Maurizio Sarri’s future is unclear. The games which may well be his last, Thursday’s Europa League tie against Malmo and tomorrow’s league cup final against Manchester City, offer a microcosm of Chelsea as a team and as a club and Sarri’s place in relation to each.
That Chelsea have reached another cup final, the latest of a slew during the Abramovich period, shows that there remains a glimmer of the petro-dollar prestige and cold drive of the club’s great years; which start with the appointment of Ranieri in 2002 and culminate in Drogba’s penalty in the Champions League Final in 2012. It also indicates that this team is still, just about and on their day, good enough to beat good teams, as they did Liverpool in the semi-final. Still, it is likely that will lose the game and possible that they will be humiliated.
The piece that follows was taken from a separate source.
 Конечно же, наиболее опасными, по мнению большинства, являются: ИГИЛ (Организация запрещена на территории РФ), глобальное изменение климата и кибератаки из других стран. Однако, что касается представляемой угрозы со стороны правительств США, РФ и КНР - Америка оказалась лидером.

While the 3-0 win meant very little in a footballing sense, Malmo are not good and Chelsea put out a B+ team, in a broader context, this game is perhaps the more representative, more telling. The Europa League, in its current format, is a wretched and unloved competition, largely ignored until the semi-final stage, when it is possible, though by no means certain, that two good teams may meet. It is claimed that the competition is respected on the continent, certainly it is not in South-West London. Chelsea’s presence in it is a symptom of the club’s diminished status and ambition.
The current squad feels very much more Europa League than Champions League, more fighting for a place in the top four than fighting for the title. The club’s transfer policy over the last few years has been to sell relatively high and buy relatively low, with more than a few ill-advised gambles thrown in. Morata is not Costa, neither is Higuain, he wasn’t in his prime and certainly is not after a confidence shredding few months. Kepa is not Courtois, who was not Cech. Jorginho is not Fabregas, Bakayoko not Matic, Rudiger patently not Terry. And these are the players who have frequently started over the past two seasons. A look at the bench, and beyond, is even more damning.
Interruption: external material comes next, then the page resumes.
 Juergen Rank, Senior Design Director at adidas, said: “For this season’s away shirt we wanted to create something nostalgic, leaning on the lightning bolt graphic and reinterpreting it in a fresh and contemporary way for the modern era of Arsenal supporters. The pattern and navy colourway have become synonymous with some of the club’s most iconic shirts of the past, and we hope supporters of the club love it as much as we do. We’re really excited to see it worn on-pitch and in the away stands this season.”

What was the thinking behind the signings of Drinkwater, Barkley, Zappacosta, Palmieri, Caballero, Pato, Giroud, Djilobodji? Abramovich wants the club to be self-sustaining, and the wage bill is down from the high tide mark, but even within these confines better decisions could have been made, less money thrown away on players who do not belong at or near elite football. Simply put, managers have had less money to work with in and had to put up with poor decision making over which players are signed.
Sarri has been roundly criticized for claiming it is difficult to motivate these players, but perhaps a more accurate way of putting the issue is that the players aren’t actually good enough to play for what we have come to believe Chelsea should be. The complaints coming from one of the leakiest changing rooms in Europe are pitiful: the sessions are boring, he passes on too much tactical information. These may well be excuses for players who can’t deliver and would like to deflect the blame. Maybe it’s psychologically easier for them not to try, so they don’t have to fail and face the reality of their own limitations.
Back to tomorrow’s game. After the final whistle if, as expected, Chelsea lose two or three nil, Sarri will be upbraided for failing to motivate his players, for not adapting to English football, for not playing Kanté as a defensive midfielder. We will be reminded that he had not won anything before he came to the club and that he was a bank manager not so many years ago.
Perhaps, but maybe the players struggle for motivation because they are not good enough and, on some level, know it, that Sarri was describing a problem rather than creating one; maybe adaptation to any job, especially complex ones which revolve around elite performance, requires more than seven months. Kanté doesn’t seem to be complaining about his new role and neither did Allan, another fine defensive player, at Napoli. It is also worth pointing out that Sarri has won several promotions in Italy and was in fact a foreign currency trader, not a chain smoking, Italian version of a peacetime Captain Manwaring, bespectacled and mediocre.
It will be easy for Chelsea to sack Sarri, but they will still be in the Europa League, this year and likely next, will still have an underwhelming squad and will still face a transfer ban. Within that context, a manager who might require some time and a few failures to start to deliver his vision might be invaluable. Sarri can either help arrest, and hopefully reverse, the downward trajectory of the team and club or be jettisoned and contribute towards the patient march back to mid-table irrelevance. Or they could always re-hire Mourinho.